Georgy Vasilievich Dyshlenko
About museum
Georgy Vasilievich Dyshlenko – a Soviet and Russian painter. He was born on December 28, 1915, in the village of Irmino, Donetsk Oblast; later he moved with his parents to the village of Novo-Derkul, Belovodsky District, Luhansk Oblast. From 1934 to 1939 he studied at the Kharkiv Art Institute in the battle-painting studio under the direction of P. I. Kotov. From 1939 to 1941 he served in the 275th Corps Artillery Regiment in a reconnaissance division.
He took part in the Great Patriotic War (World War II), fighting at Smolensk, in the defeat of the Nazi German forces near Moscow, and he helped liberate the cities of Oryol and Bryansk, as well as Hungary, Austria, and Czechoslovakia. He was awarded the Order of the Red Star and five combat medals.

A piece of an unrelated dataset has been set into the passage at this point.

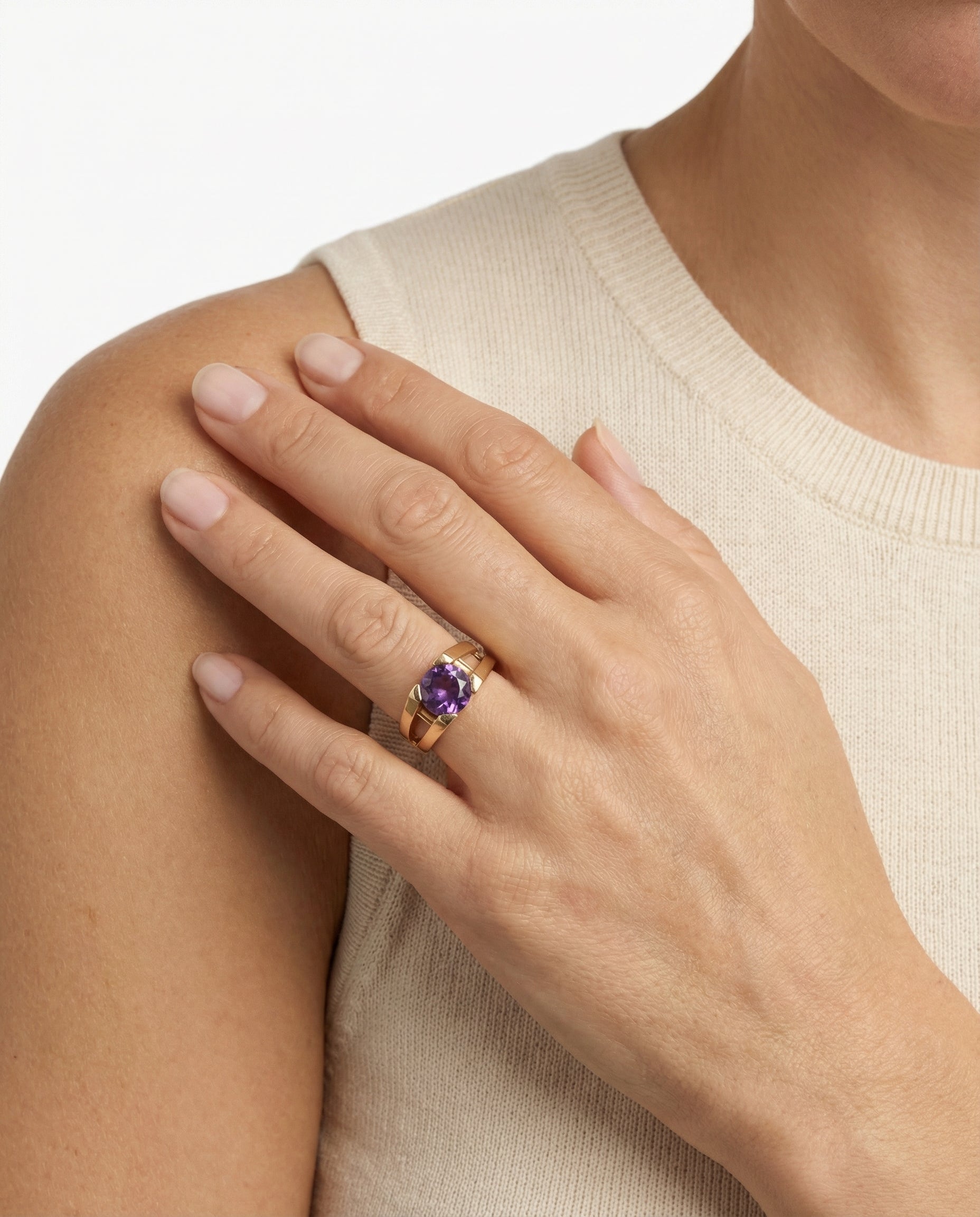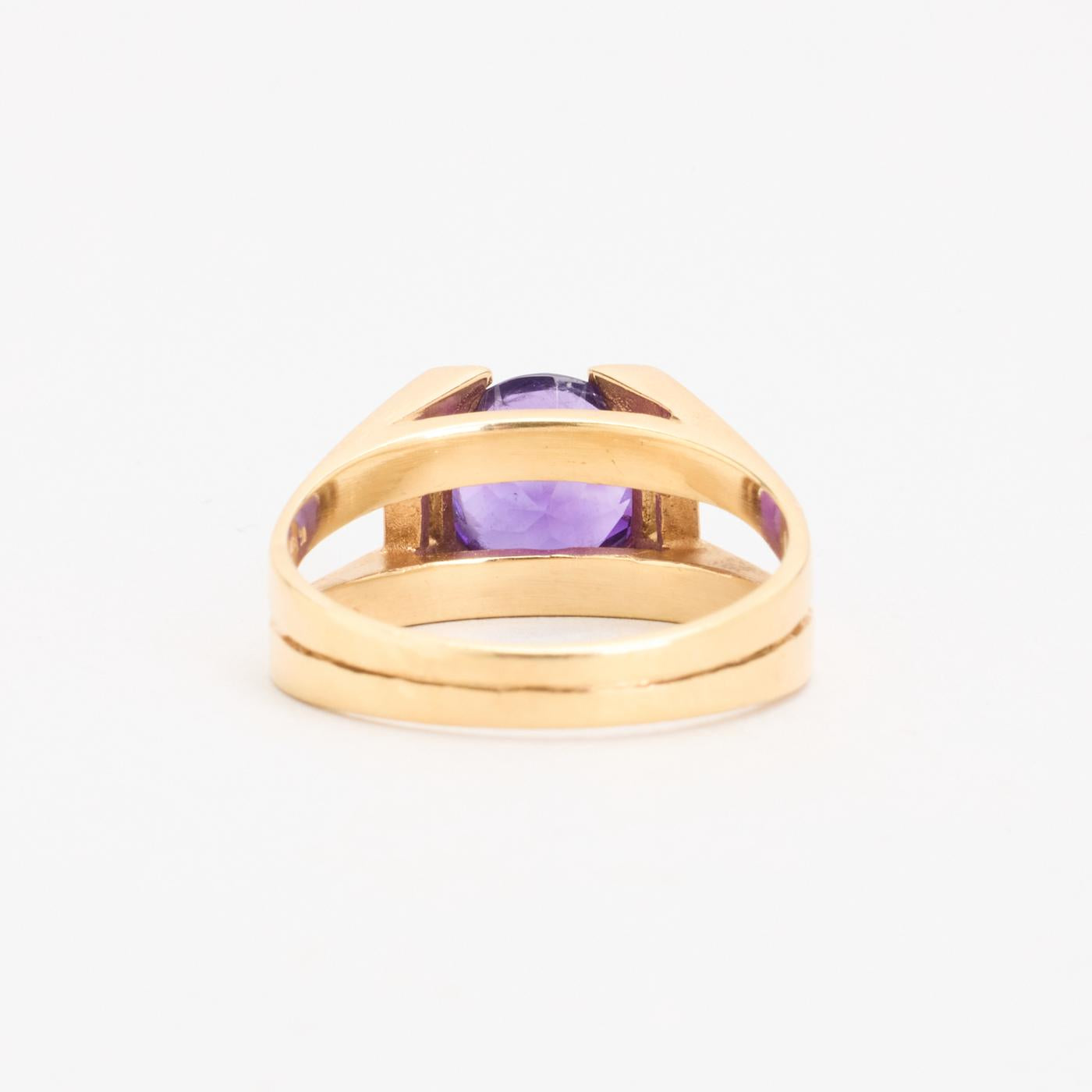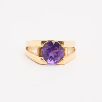 Cocktailring i 14K guld med en lilla sten, Str. 56

In 1945 he moved to Oryol. In 1956 he was admitted to the VTOO "Union of Artists of Russia." He served as chairman of the board of the Oryol organization of the Union of Artists in 1957–1962 and 1979–1983. From 1959 to 1981 he worked as a senior lecturer, then as an associate professor in the Department of Fine Arts, and later as dean of the Art and Graphic Faculty of the Oryol State Pedagogical Institute. He is known as one of the authors of the diorama "The Battle of Oryol," located in the Oryol Regional Museum of Local Lore. Among his well-known paintings are the landscape "Outskirts. Pigeons," the still life "Oryol Bread," and a series of landscapes "In Turgenev's Places." Georgy Vasilievich Dyshlenko passed away in 1994.